La poule aux oeufs d'or ne vit pas seulement en studio. Il y en a une devant chaque téléviseur alimenté par câble ou par satellite, prête à donner davantage si on la bouscule un peu. C'est en tout cas l'impression qui se dégage de la nouvelle politique sur les redevances du Conseil de la radiodiffusion et des télécommunications canadiennes (CRTC). Dès que les télés généralistes auront convenu d'un tarif avec les distributeurs, ceux-ci pourront le refiler à leurs abonnés, qui n'auront pas un mot à dire. Ça ne peut pas se passer comme ça.

À force de se plaindre de la diminution de leurs revenus publicitaires, les réseaux privés comme TVA et CTV ont fini par obtenir le même privilège que les chaînes spécialisées: s'asseoir avec les câblodistributeurs et les fournisseurs de services par satellite et négocier des redevances pour leurs signaux. On reconnaît ainsi que leur programmation, qui a toujours été relayée gratuitement, a une valeur. Et, donc, qu'il faut la payer. Le principe se défend... à condition de pousser la logique jusqu'au bout. Le client doit pouvoir acheter les chaînes généralistes qui l'intéressent, comme il le fait avec les spécialisées. Autrement, ça frise l'extorsion.

Imaginez un câblo qui obligerait tous ses abonnés, même ceux qui n'aiment pas les sports ou ne parlent pas anglais, à payer 1$ par mois pour RDS ou CNN. Abusif, non? C'est pourtant ce qui se passera avec V, CTV et les autres réseaux lorsqu'ils se seront entendus sur les redevances. À moins que le réseau ait accepté que son signal soit offert de façon facultative, l'abonné devra payer pour, qu'il le regarde ou non. C'est inadmissible.

Que le CRTC garde ses distances et force les acteurs de l'industrie à s'entendre entre eux, passe encore.

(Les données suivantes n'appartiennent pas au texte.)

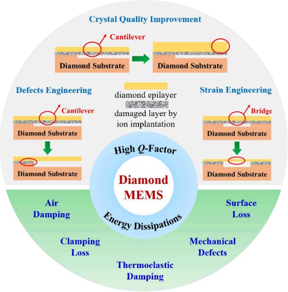 中国粉体网讯 近日,日本国立物质材料研究所廖梅勇主席研究员团队的AMR述评文章“Low-Energy Dissipation Diamond MEMS”在线发表。文章基于其实验室开发的“智能剪切”法所制备的器件,概述了实现超高品质因子单晶金刚石微机电系统的最新研究进展与策略。这些策略代表着推动金刚石MEMS谐振子性能提升与应用扩展的关键技术。
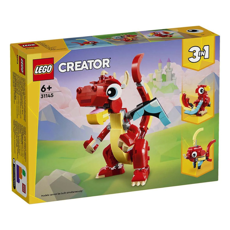 بچههای خلاق ۶ سال به بالا میتوانند با این مجموعه اسباببازی حیوانات ۳ در ۱ Red Dragon (31145) برای داستانهای سرگرمکننده به سرزمینی جادویی سفر کنند. دارای یک اسباببازی اژدها دوستانه است که دارای چشمهای بزرگ و بازوها، دستها، بالها، پاها، پاها، سر و دهان است، بنابراین بچهها میتوانند نحوه استفاده از آن را برای ماجراجوییهای زمان بازی و نمایش پس از آن انتخاب کنند. این مجموعه LEGO Creator دنیایی از امکانات بازی بیپایان را با انتخاب ساخت 3 اسباببازی حیوانات مختلف با استفاده از یک مجموعه آجر به بچهها میدهد. آنها می توانند یک اسباب بازی اژدهای قابل حمل بسازند، آن را به یک اسباب بازی ققنوس با پرهای رنگارنگ بازسازی کنند، آن را به یک اسباب بازی ماهی با باله های قابل حمل تبدیل کنند یا حیوان لگو خود را بسازند. اسباببازیهای LEGO Creator 3 in 1 هدایایی عالی برای بچهها با 3 مدل مختلف در هر جعبه میسازد، که بچهها از ساخت، بازسازی و دوباره ساختن آن هیجانزده خواهند شد. مجموعههای 3 در 1 آنها را برای ساعتهای بیشماری راضی نگه میدارد و طیف وسیعی از مدلها را ارائه میدهد که به بزرگترین علایق آنها علاقهمند است، از جمله وسایل نقلیه فوق سریع، حیوانات شگفتانگیز و صحنههای دقیق شهر. شامل 149 قطعه
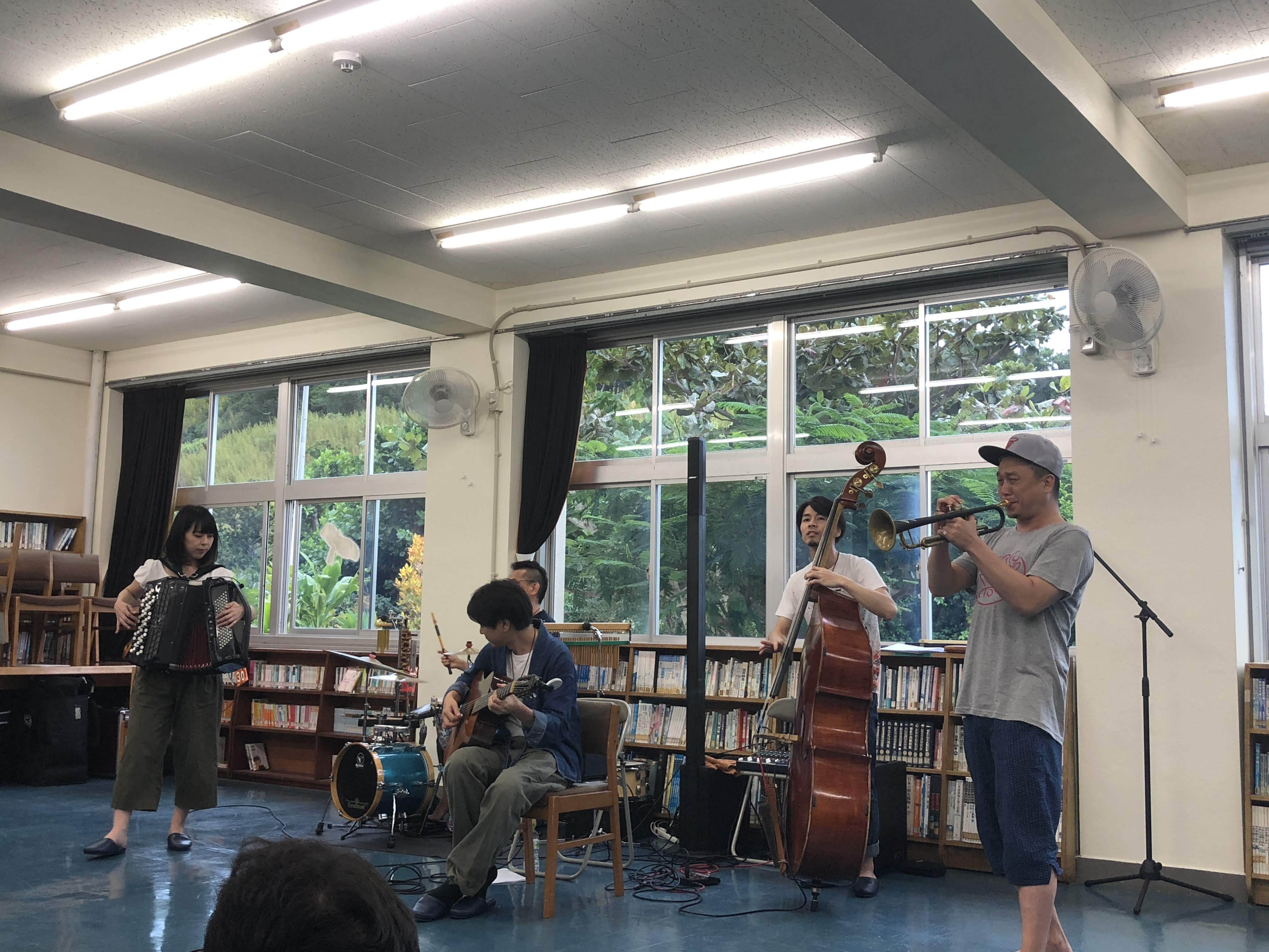 BimBomBam楽団のみなさんがはじめて母島に来島したとき、この想いを汲んでくれて、オフの時間を惜しまずに、子どもたちに音楽教室を開いて、たくさんの時間を共有していただきました。
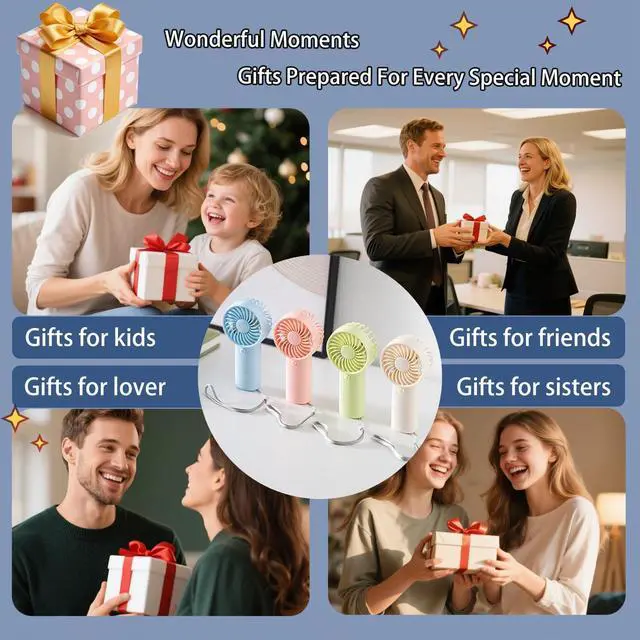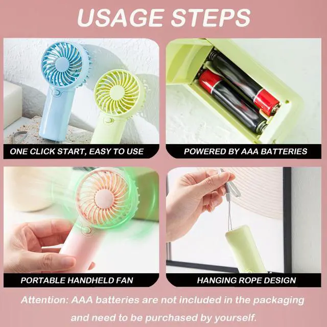 Four different colored mini fans that you can use every day or give to your children, friends, or colleagues.
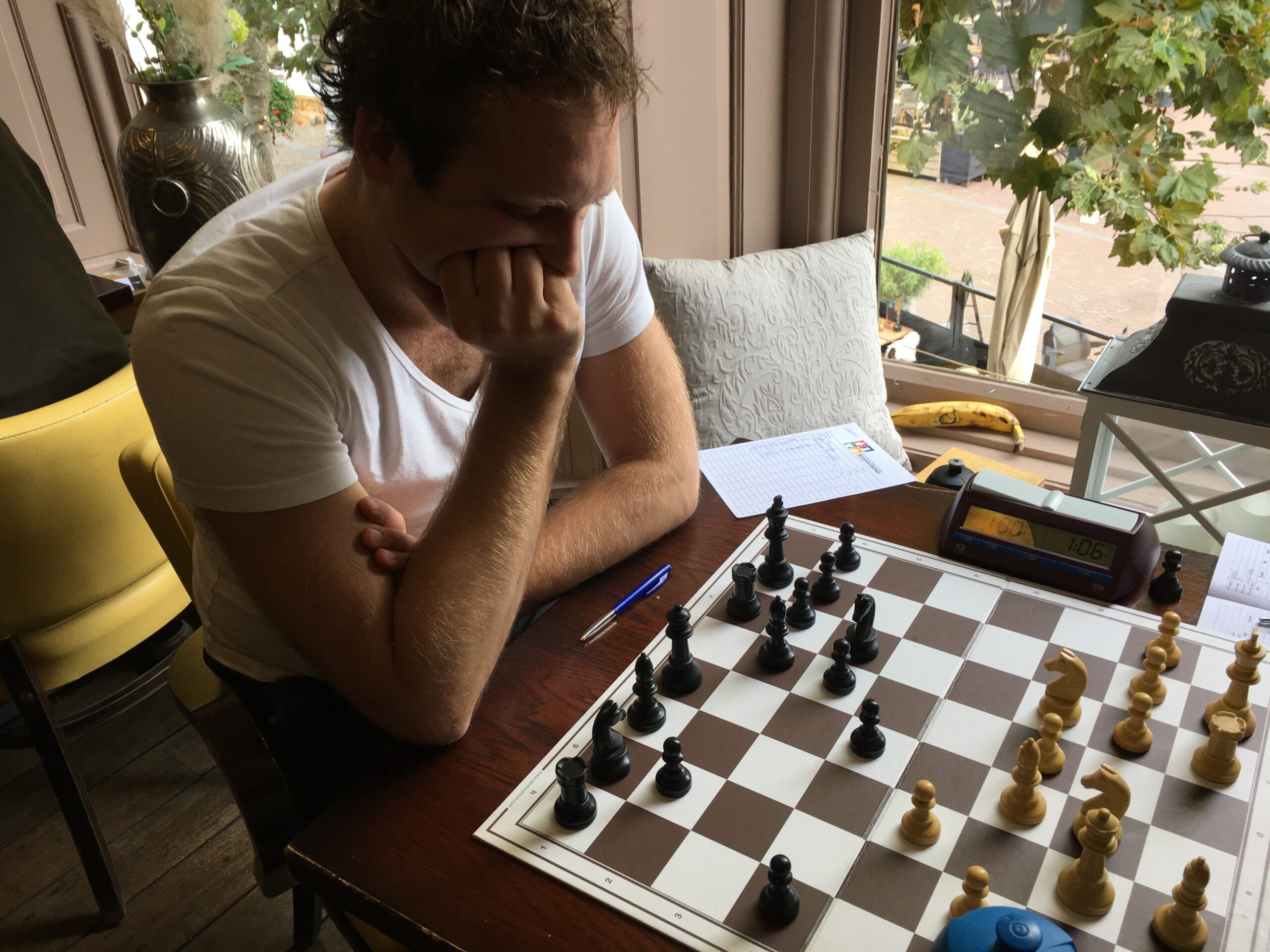 Zelf was ik met een totaal andere energie gearriveerd dan de gasten. Nog niet helemaal hersteld van de SOS-partij namens ZSG op maandag tegen Apeldoorn (teleurstellende remise), slecht geslapen en ook nog met haast. De parkeermeter waar ik als een bezetene op aan het rammen was om de parkeertijd naar 18:00 uur te drukken bleek niet mee te werken: maximale parkeertijd 2 uur. Snel reed ik door naar de Kromme Elleboog en beende met een banaan, pen, trui en kussens voor de tuinstoel voor Andries naar Oasis. Hopend op een zwakkere tegenstander, die ik niet had, had ik ’s morgens nog wat Spaanse hoofdlijnen bekeken, die ik niet op het bord kreeg: 1.d4, hoera. De vele bananenschillen die even later troosteloos over een leeg theeglas hingen en de melancholische stem van Wim Sonneveld met prachtige dwarsfluitriedel in Het Dorp, wat klonk toen ik tevergeefs koffie probeerde te bestellen in het volle restaurant, maakten mijn voorgevoel compleet: deze gaan we verliezen, en waarschijnlijk nog nipt en onnodig ook.
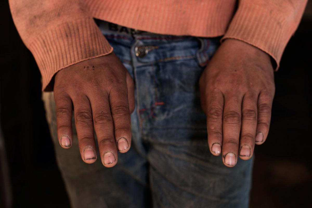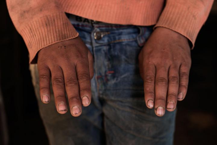 Las manos de Jomaa reflejan las jornadas laborales de 12 horas que hace cada día por 2 dólares/© UNICEF/UN043222/Romenzi

Mais il y a des limites à s'en laver les mains. Le Conseil n'a pas le mandat de livrer le consommateur pieds et poings liés aux entreprises. Il aurait dû leur fournir une marge de manoeuvre à eux aussi, en leur permettant de payer seulement pour les réseaux qui les intéressent.

Les hausses de prix ne feront pas chuter le nombre d'abonnés, affirme le CRTC. Sans doute, mais ça ne veut pas dire qu'ils les acceptent. Ça montre seulement à quel point ils n'ont pas le choix. Car à moins de s'adonner au piratage, il n'existe pas de solution équivalente au câble ou au satellite. Le web a beau offrir de plus en plus de contenus télé, le téléspectateur n'y trouvera pas nécessairement, ou aussi aisément, ses émissions préférées.

Le CRTC a considéré les abonnés comme un élevage passif, et captif. Son seul souci a été de voir si on pouvait en extraire plus de revenus, sans se demander si la méthode employée était acceptable. Sauf que les consommateurs ne sont pas des poules. Ils sont capables de s'exprimer. Depuis 36 heures, ils répètent le même message sur toutes les tribunes: ne nous forcez pas à payer pour ce qu'on ne veut pas regarder. Ont-ils été entendus?